• Task brief: Pictures should be left out when the listing below is repeated word for word.

• Dataset extract:
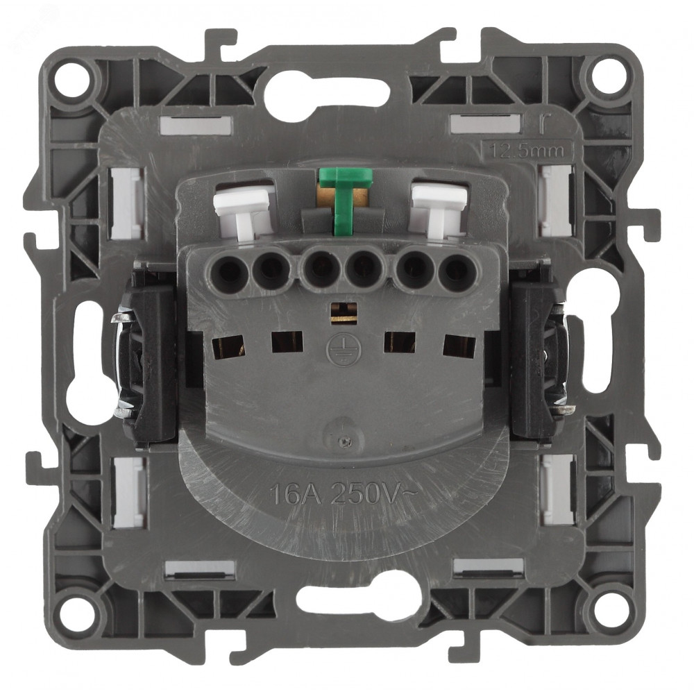 Розетка с заземлением серии Эра 12 скрытой установки механизм цвет белый 12-2101-01. Номинальные характеристики 16А 250В . Сделана из поликарбоната, оснащена автоматическими клеммами для быстрой и надёжной фиксации жил кабеля в механизме. Парные клеммы обеспечивают соединение шлейфом. Монтаж в подрозетник производится и на лапки, и на винты. Рамки приобретаются отдельно. Рамки Эра 12: 1 пост 12-5001-хх, 2 поста 12-5002-хх, 3 поста 12-5003-хх, 4 поста 12-5004-хх, 5 постов 12-5005-хх. Рамки Эра 12 Сатин: 1 пост 12-5101-хх, 2 поста 12-5102-хх, 3 поста 12-5103-хх, 4 поста 12-5104-хх, 5 постов - 12-5105-хх (хх - код цвета: 01-белый, 02-слоновая кость, 03-алюминий, 04-шампань, 05-антрацит, 06-чёрный, 07-ольха(белёный дуб-сатин), 08-вишня, 09-дуб, 10-венге, 11-сосна, 21-жёлтый, 22-оранжевый, 23-красный, 24-охра, 25-бордо, 26-лайм, 27-зелёный, 28-голубой, 29-синий).
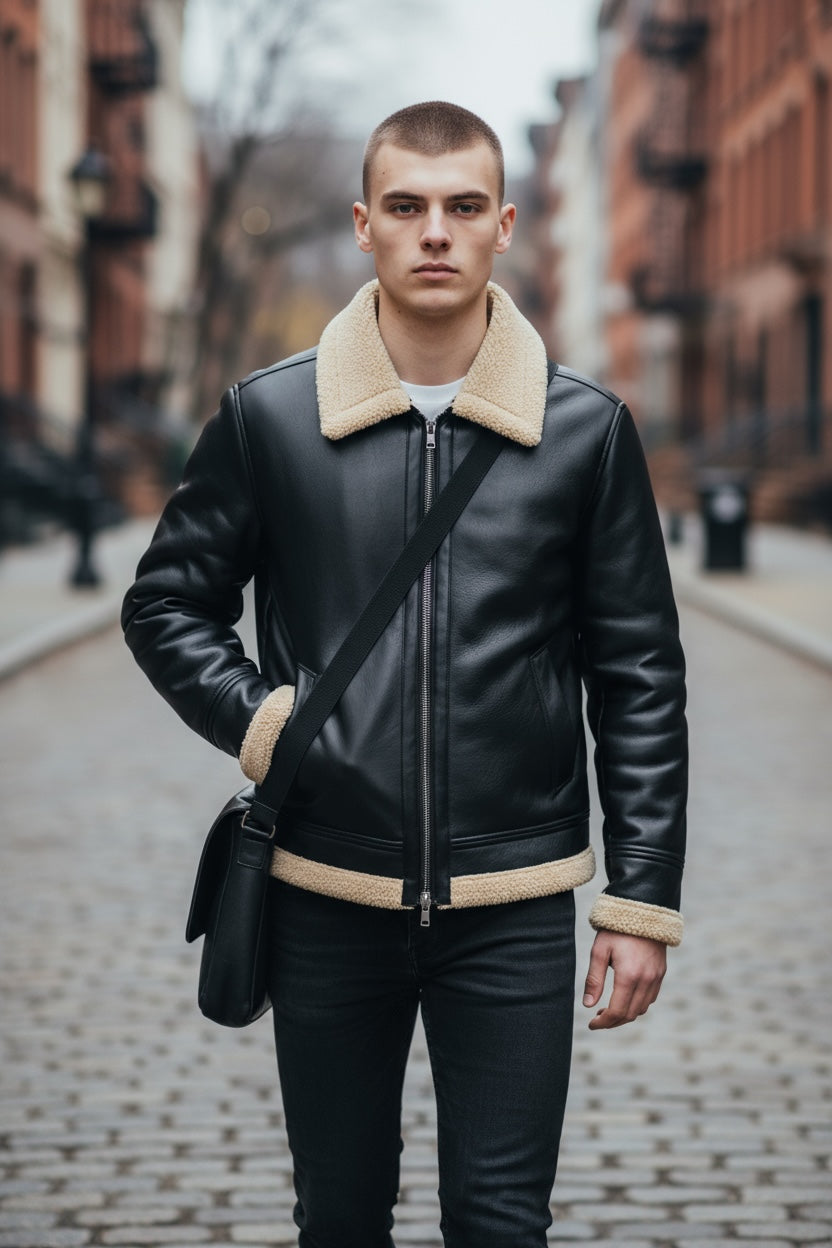 ECOMONTONE CON ORSETTO PANNA, ZIP DI CHIUSURA, 2 TASCHE A FILO.
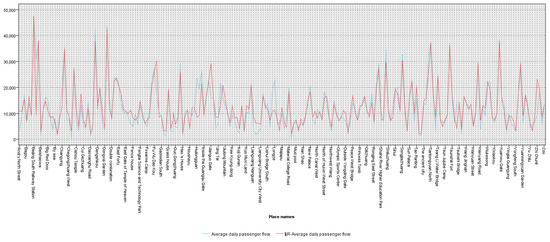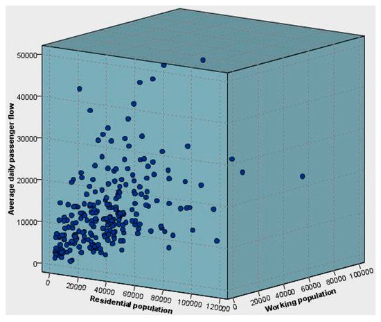 The flow of people near the rail transit station is the direct source of the station’s passenger flow, which is the most important link affecting the station’s passenger flow. As shown in Figure 7, the working population and the residential population show a positive correlation for the subway’s passenger flow. The long-term mobility of the population directly affects the planning and design of rail transit stations in the coming decades.

• Result for this task:
 Розетка с заземлением серии Эра 12 скрытой установки механизм цвет белый 12-2101-01. Номинальные характеристики 16А 250В . Сделана из поликарбоната, оснащена автоматическими клеммами для быстрой и надёжной фиксации жил кабеля в механизме. Парные клеммы обеспечивают соединение шлейфом. Монтаж в подрозетник производится и на лапки, и на винты. Рамки приобретаются отдельно. Рамки Эра 12: 1 пост 12-5001-хх, 2 поста 12-5002-хх, 3 поста 12-5003-хх, 4 поста 12-5004-хх, 5 постов 12-5005-хх. Рамки Эра 12 Сатин: 1 пост 12-5101-хх, 2 поста 12-5102-хх, 3 поста 12-5103-хх, 4 поста 12-5104-хх, 5 постов - 12-5105-хх (хх - код цвета: 01-белый, 02-слоновая кость, 03-алюминий, 04-шампань, 05-антрацит, 06-чёрный, 07-ольха(белёный дуб-сатин), 08-вишня, 09-дуб, 10-венге, 11-сосна, 21-жёлтый, 22-оранжевый, 23-красный, 24-охра, 25-бордо, 26-лайм, 27-зелёный, 28-голубой, 29-синий).
 ECOMONTONE CON ORSETTO PANNA, ZIP DI CHIUSURA, 2 TASCHE A FILO.
 The flow of people near the rail transit station is the direct source of the station’s passenger flow, which is the most important link affecting the station’s passenger flow. As shown in Figure 7, the working population and the residential population show a positive correlation for the subway’s passenger flow. The long-term mobility of the population directly affects the planning and design of rail transit stations in the coming decades.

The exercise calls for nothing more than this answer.